#### Records drawn from a dataset:
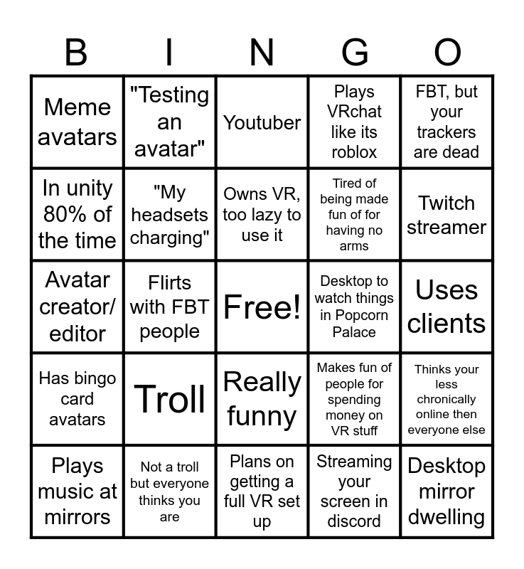 This bingo card has a free space and 24 words: Troll, Not a troll but everyone thinks you are, Owns VR, too lazy to use it, Plays music at mirrors, FBT, but your trackers are dead, Meme avatars, In unity 80% of the time, "Testing an avatar", Desktop to watch things in Popcorn Palace, Really funny, Tired of being made fun of for having no arms, Avatar creator/ editor, Makes fun of people for spending money on VR stuff, Thinks your less chronically online then everyone else, "My headsets charging", Streaming your screen in discord, Uses clients, Youtuber, Twitch streamer, Flirts with FBT people, Desktop mirror dwelling, Has bingo card avatars, Plays VRchat like its roblox and Plans on getting a full VR set up.
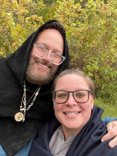 We remember Hoogin, the white collared/brown African Raven, companion and symbol of watchfulness and wisdom. Since 2019, he allowed the Michigan Viking Alliance to call him friend, a sometimes-quiet presence bound to our gatherings and our shared path. Daphne Longstocking of the Washing Well Wenches was his trusted guardian and companion. Hoogin carried more than just feathers, he carried our spirit, loyalty, and the old stories that remind us why we gather as kin.
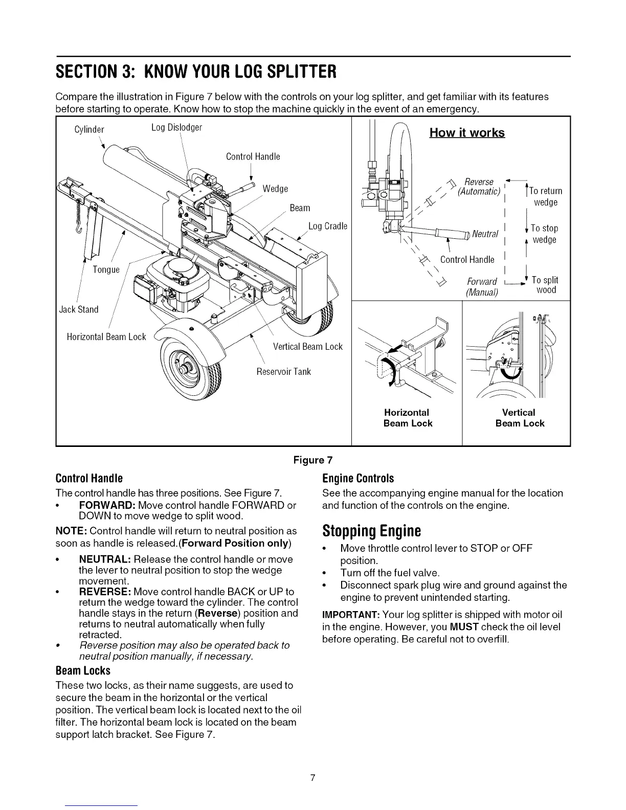 Compare the illustration in Figure 7 below with the controls on your log splitter, and get familiar with its features
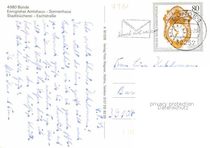 72869540 alte Postkarte Buende Westfalen Ennigloher Amtshaus Sonnenhaus Stadtbuecherei Eschstrasse postalisch gelaufen Erhaltung siehe scans [LiesaD40] KatCode: 11110005758004
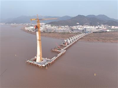 温州网讯12月25日下午4点30分,随着最后一斗混凝土在吊机的精准输送下缓缓浇筑入塔顶,甬台温高速公路复线瑞安联络线(瑞湖高速)关键控制性工程——飞云江1号特大桥108米高主塔顺利完成封顶。这标志着大桥建设全面进入上部结构施工阶段。
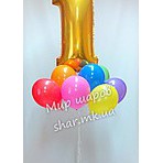 Облако из 10 разноцветных гелиевых шаров с золотой фольгированной единицей от студии аэродизайна Мир Шаров.

#### GOAL OF THE EXERCISE:
Please print the records above word for word, leaving every image out.

#### TASK SOLUTION:
 This bingo card has a free space and 24 words: Troll, Not a troll but everyone thinks you are, Owns VR, too lazy to use it, Plays music at mirrors, FBT, but your trackers are dead, Meme avatars, In unity 80% of the time, "Testing an avatar", Desktop to watch things in Popcorn Palace, Really funny, Tired of being made fun of for having no arms, Avatar creator/ editor, Makes fun of people for spending money on VR stuff, Thinks your less chronically online then everyone else, "My headsets charging", Streaming your screen in discord, Uses clients, Youtuber, Twitch streamer, Flirts with FBT people, Desktop mirror dwelling, Has bingo card avatars, Plays VRchat like its roblox and Plans on getting a full VR set up.
 We remember Hoogin, the white collared/brown African Raven, companion and symbol of watchfulness and wisdom. Since 2019, he allowed the Michigan Viking Alliance to call him friend, a sometimes-quiet presence bound to our gatherings and our shared path. Daphne Longstocking of the Washing Well Wenches was his trusted guardian and companion. Hoogin carried more than just feathers, he carried our spirit, loyalty, and the old stories that remind us why we gather as kin.
 Compare the illustration in Figure 7 below with the controls on your log splitter, and get familiar with its features
 72869540 alte Postkarte Buende Westfalen Ennigloher Amtshaus Sonnenhaus Stadtbuecherei Eschstrasse postalisch gelaufen Erhaltung siehe scans [LiesaD40] KatCode: 11110005758004
 温州网讯12月25日下午4点30分,随着最后一斗混凝土在吊机的精准输送下缓缓浇筑入塔顶,甬台温高速公路复线瑞安联络线(瑞湖高速)关键控制性工程——飞云江1号特大桥108米高主塔顺利完成封顶。这标志着大桥建设全面进入上部结构施工阶段。
 Облако из 10 разноцветных гелиевых шаров с золотой фольгированной единицей от студии аэродизайна Мир Шаров.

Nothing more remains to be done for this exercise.